Yang barangkali perlu kita jelaskan kepada masyarakat, mereka mau berubah atau tidak? Jangan tanya apa yang harus diubah. Kalau masyarakat sudah merasa nyaman, apa yang ingin diubah? Karena ini bagian dari misi partai politik, salah satunya upaya konsisten dari waktu ke waktu untuk melaksanakan apa yang dimaksudkan dengan political education. Pendidikan politik tidak meng-entertain masyarakat, tidak hanya ingin mengejar popularitas. Kadang- kadang memang harus menanggung risiko sebagai hal yang kontroversial, bahkan menimbulkan polemik, tapi itu adalah risiko.
Apa langkah konkret Partai NasDem? Bagaimana dengan kontrak politik untuk para calon legislator agar tak melenceng dari tujuan utama?
Berdasarkan pengalaman yang ada, apakah itu kontrak politik ataupun pakta integritas akan berhenti di situ saja. Kita ingin menyentuh mata hati dan nurani para calon legislator. NasDem adalah partai kaum pergerakan, yang harus menyeimbangkan profesionalitas dan moralitas. Tak ada artinya cendekiawan, doktor, ulama, atau bergelar PhD kalau tidak memiliki konsistensi dan semangat moralitas yang menyertai profesionalitas.
Bagaimanapun, dibutuhkan keteladanan dari siapa pun yang menjadi pemimpin. Keteladanan itu ketika dia siap memberikan semangat pengorbanan yang lebih besar daripada orang yang dipimpin.
Berarti enggak ada semacam kontrak politik atau pakta integritas?
Ada pasti. Tapi sudah cukup kan peraturan perundang-undangan. Kita sering main-main yang tambah-tambah pakai pakta integritaslah, apa ceritanya. Sebenarnya itu hanyalah kosmetik kulit.
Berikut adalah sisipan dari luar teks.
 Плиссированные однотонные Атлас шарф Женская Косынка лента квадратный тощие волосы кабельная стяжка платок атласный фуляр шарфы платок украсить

Pendidikan politik di NasDem yang pertama, dia tidak tertarik membicarakan masalah calon presiden atau calon wakil presiden.
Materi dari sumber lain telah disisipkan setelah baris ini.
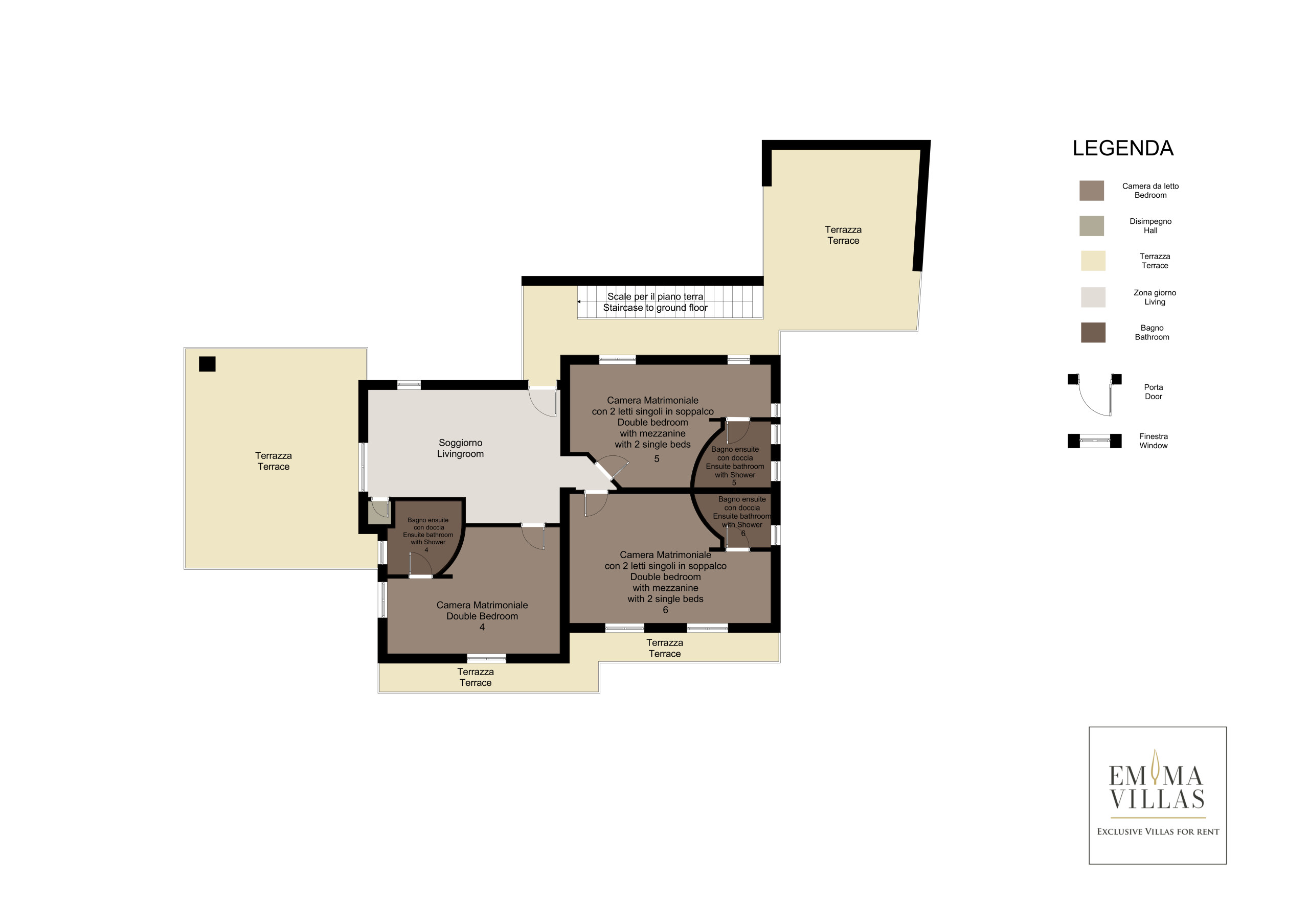 First Floor (Independent Access): Large living area with kitchenette, access to outdoor patio, one double bedroom (king-size bed) with en-suite bathroom, two additional double bedrooms (king-size beds) with en-suite bathrooms and mezzanines with two single beds. Each double bed can be made into twins upon request.

Sebagai partai baru, NasDem harus melihat hasil elektabilitas pada pemilu legislatif. Kalau nomor 4, dipastikan NasDem tidak akan ikut mencalonkan presiden dan wakil presiden. Harus di antara 1, 2, atau maksimal 3. Ini pendidikan politik! Jangan baru 2,3 persen sudah sibuk dengan calon wakil presiden.
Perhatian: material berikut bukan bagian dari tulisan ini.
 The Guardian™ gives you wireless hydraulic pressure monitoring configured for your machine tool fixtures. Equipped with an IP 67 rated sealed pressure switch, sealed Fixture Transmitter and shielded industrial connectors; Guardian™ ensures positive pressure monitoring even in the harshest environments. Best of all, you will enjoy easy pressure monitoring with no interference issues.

Parliamentary threshold seharusnya 5 persen ke atas, tapi kan mereka takut. Hasil rendah tapi dia ingin jadi capres dan dia adalah ketua umum partai, lalu majulah dia jadi calon. Apakah seperti ini pantas? Menurut saya, ini bagian dari asas kepantasan. Ini asas kepatutan.
Kalau seumpama presidential threshold diketok 20 persen?
Harusnya lebih tinggi dari 20 persen. Kalau partai enggak laku, masak mau jadi presiden. Ini kan moralitas kita.
Target Partai NasDem berapa persen?
Mungkin kalian bisa menertawakan, tapi sejujurnya NasDem menargetkan sebagai pemenang pemilu.
Agar cita-cita itu tercapai, apa langkah konkret NasDem?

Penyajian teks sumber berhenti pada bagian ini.